DATA EXTRACTS: Begin

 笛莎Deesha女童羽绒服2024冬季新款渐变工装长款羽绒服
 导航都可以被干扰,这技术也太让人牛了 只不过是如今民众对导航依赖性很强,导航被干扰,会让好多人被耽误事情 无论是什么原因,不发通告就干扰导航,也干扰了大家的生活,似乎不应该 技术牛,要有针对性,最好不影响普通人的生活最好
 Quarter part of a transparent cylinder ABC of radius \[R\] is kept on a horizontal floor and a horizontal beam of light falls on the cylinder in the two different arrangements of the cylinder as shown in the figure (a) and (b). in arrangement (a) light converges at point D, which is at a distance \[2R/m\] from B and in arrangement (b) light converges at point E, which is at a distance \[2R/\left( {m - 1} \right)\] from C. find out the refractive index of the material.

DATA EXTRACTS: End
DATA EXTRACTS: Begin

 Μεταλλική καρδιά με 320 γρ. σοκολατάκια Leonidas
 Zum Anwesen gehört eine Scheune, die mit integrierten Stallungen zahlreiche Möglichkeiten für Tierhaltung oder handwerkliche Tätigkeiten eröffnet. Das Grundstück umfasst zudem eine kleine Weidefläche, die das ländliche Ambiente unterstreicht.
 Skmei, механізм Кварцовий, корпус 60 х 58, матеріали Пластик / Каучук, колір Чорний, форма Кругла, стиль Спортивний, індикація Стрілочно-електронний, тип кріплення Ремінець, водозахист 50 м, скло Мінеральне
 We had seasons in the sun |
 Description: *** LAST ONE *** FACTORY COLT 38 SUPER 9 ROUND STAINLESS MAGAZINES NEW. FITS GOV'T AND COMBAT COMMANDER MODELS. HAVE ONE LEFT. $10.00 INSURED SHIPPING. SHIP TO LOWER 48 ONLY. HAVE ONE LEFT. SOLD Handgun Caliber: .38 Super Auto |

DATA EXTRACTS: End

◆ **TASK REQUIREMENTS**:
Given the data above, transcribe exactly the lines from the one containing "笛莎Deesha女童羽绒服2024冬季新款渐变工装长款羽绒服" down to the one containing "Quarter part of", and no others.

◆ **EXPECTED OUTPUT**:
 笛莎Deesha女童羽绒服2024冬季新款渐变工装长款羽绒服
 导航都可以被干扰,这技术也太让人牛了 只不过是如今民众对导航依赖性很强,导航被干扰,会让好多人被耽误事情 无论是什么原因,不发通告就干扰导航,也干扰了大家的生活,似乎不应该 技术牛,要有针对性,最好不影响普通人的生活最好
 Quarter part of a transparent cylinder ABC of radius \[R\] is kept on a horizontal floor and a horizontal beam of light falls on the cylinder in the two different arrangements of the cylinder as shown in the figure (a) and (b). in arrangement (a) light converges at point D, which is at a distance \[2R/m\] from B and in arrangement (b) light converges at point E, which is at a distance \[2R/\left( {m - 1} \right)\] from C. find out the refractive index of the material.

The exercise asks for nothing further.